I’ve started playing with various incarnations of “in a box” OpenStack setups to familiarize myself with OpenStack, among them DevStack and Ubuntu OpenStack. The OpenStack Chef Repo looks promising to me, as it gives you a good starting point, but can easily be extended to more complex lab setups, or even full productions environments.

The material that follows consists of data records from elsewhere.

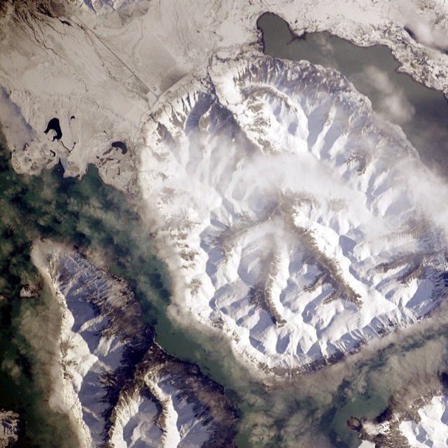Вид с борта МКС на самое глубокое озеро Монголии – Хубсугул. В нем сосредоточено около 2% мирового запаса пресной воды. Хубсугул одно из семнадцати древнейших озер в мире, предположительно, его возраст составляет 5 млн. лет.
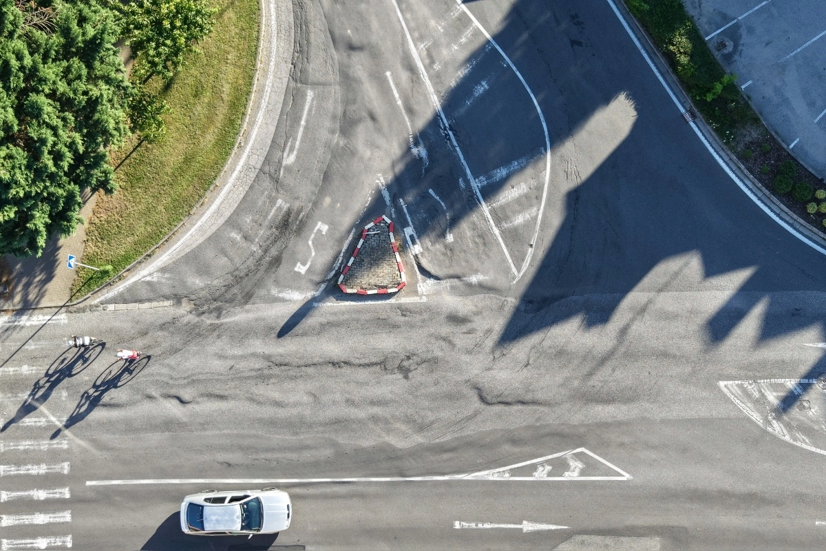 „Asfaltovanie by tu zrejme nepomohlo. Myslím, že by bolo oveľa rozumnejšie použiť betónový povrch,“ hovorí Markus, ktorý si nerovnosti na križovatke dlhodobo všíma.
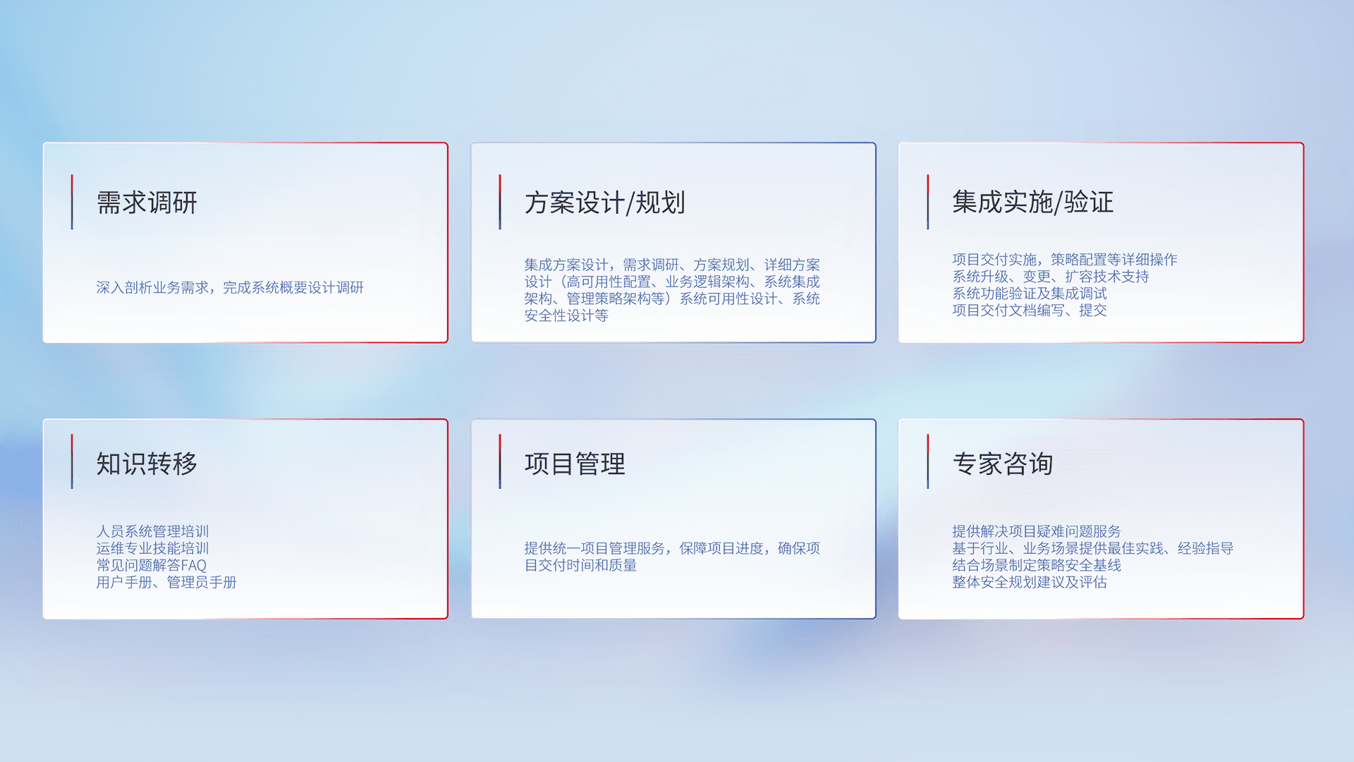 针对客户行业特性,,,,将宏观的安全战略和需求,,通过专业的交付服务,,实现项目落地,,,,为客户提供标准规范的集成交付服务。。。。
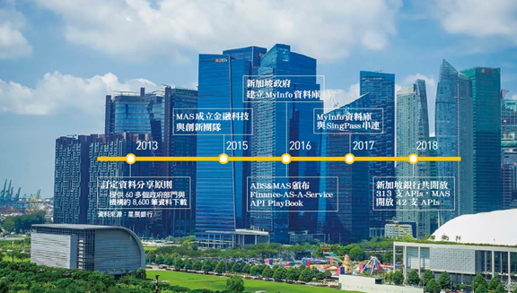 新加坡金融管理局(MAS)於2015年成立金融科技與創新團隊,除了連結銀行與金融科技新創產業外,也對數位銀行、開放銀行等議題進行政策制定與協助。相較於歐盟的強制性措施,新加坡金融監理機構採取建置政策架構以及鼓勵的性質推動。因此MAS與新加坡銀行公會(ABS)於2016年頒布Finance-As-AService API PlayBook,詳細制定金融業API發展策略,並鼓勵銀行參與開放API。截至2018年底,MAS開放42支API供查詢金融業公開資訊,並督導新加坡的銀行,包含星展、華僑、花旗、渣打銀行等,共開放313支API。
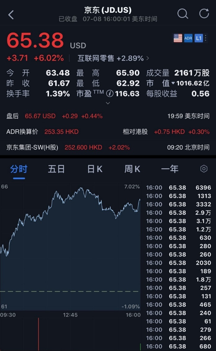 7月9日,京東(JD.US)股價達到65.9美元,市值首次站上千億美元
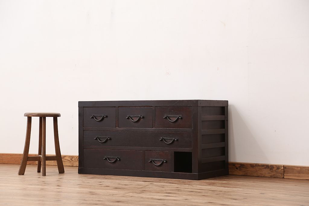 和箪笥 > アンティーク家具 アンティーク 古い小窓付きの6杯時代箪笥ローチェスト(引き出し)

The only problem? This error:

$ git clone
$ export REPO_OS=centos7.1
$ cd openstack-chef-repo
$ chef exec rake berks_vendor
$ chef exec rake aio_neutron
chef exec chef-client --force-formatter -z vagrant_linux.rb aio-neutron.rb
[2015-08-09T23:41:58+02:00] INFO: Started chef-zero at chefzero://localhost:8889 with repository at /Users/stb/working/xxx/openstack-chef-repo
  One version per cookbook

[2015-08-09T23:41:58+02:00] INFO: Forking chef instance to converge...
Starting Chef Client, version 12.3.0
[2015-08-10T00:02:19+02:00] INFO: Converging controller because 'converge true' is set ...
[2015-08-10T00:02:19+02:00] INFO: Port forwarded: local URL chefzero://localhost:8889 is available to as chefzero://localhost:8889 for the duration of this SSH connection.
[2015-08-10T00:02:19+02:00] INFO: Executing sudo chef-client -l info on vagrant@

    [controller] [2015-08-09T22:02:18+00:00] INFO: Forking chef instance to converge...
                 Starting Chef Client, version 12.4.1
                 [2015-08-09T22:02:18+00:00] INFO: *** Chef 12.4.1 ***
                 [2015-08-09T22:02:18+00:00] INFO: Chef-client pid: 13637
                 Chef encountered an error attempting to load the node data for "controller"
                 Unexpected Error:
                 ChefZero::ServerNotFound: No socketless chef-zero server on given port 8889
                 Running handlers:
                 [2015-08-09T22:02:20+00:00] ERROR: Running exception handlers
                 Running handlers complete
                 [2015-08-09T22:02:20+00:00] ERROR: Exception handlers complete
                 Chef Client failed. 0 resources updated in 2.194757362 seconds
                 [2015-08-09T22:02:20+00:00] FATAL: Stacktrace dumped to /var/chef/cache/chef-stacktrace.out
                 [2015-08-09T22:02:20+00:00] ERROR: No socketless chef-zero server on given port 8889
                 [2015-08-09T22:02:20+00:00] FATAL: Chef::Exceptions::ChildConvergeError: Chef run process exited unsuccessfully (exit code 1)
[2015-08-10T00:02:23+02:00] INFO: Completed chef-client -l info on vagrant@ exit status 1

I’m far from an expert in Chef, so it took me a bit of searching and experimenting. Luckily, the solution is rather simple:

$ chef gem list -d '^chef-provisioning$'

*** LOCAL GEMS ***

chef-provisioning (1.1.1)
    Author: John Keiser
    Installed at: /opt/chefdk/embedded/lib/ruby/gems/2.1.0

    A library for creating machines and infrastructures idempotently in
$ chef gem update chef-provisioning
Updating installed gems
Updating chef-provisioning
Fetching: chef-provisioning-1.3.0.gem (100%)
WARNING:  You don't have /Users/stb/.chefdk/gem/ruby/2.1.0/bin in your PATH,
	  gem executables will not run.
Successfully installed chef-provisioning-1.3.0
Gems updated: chef-provisioning
$ chef gem list -d '^chef-provisioning$'

*** LOCAL GEMS ***

chef-provisioning (1.3.0, 1.1.1)
    Author: John Keiser
    Installed at (1.3.0): /Users/stb/.chefdk/gem/ruby/2.1.0
                 (1.1.1): /opt/chefdk/embedded/lib/ruby/gems/2.1.0

    A library for creating machines and infrastructures idempotently in

The next version of ChefDK will likely come with this updated version of chef-provisioning, but until then, this should do the trick.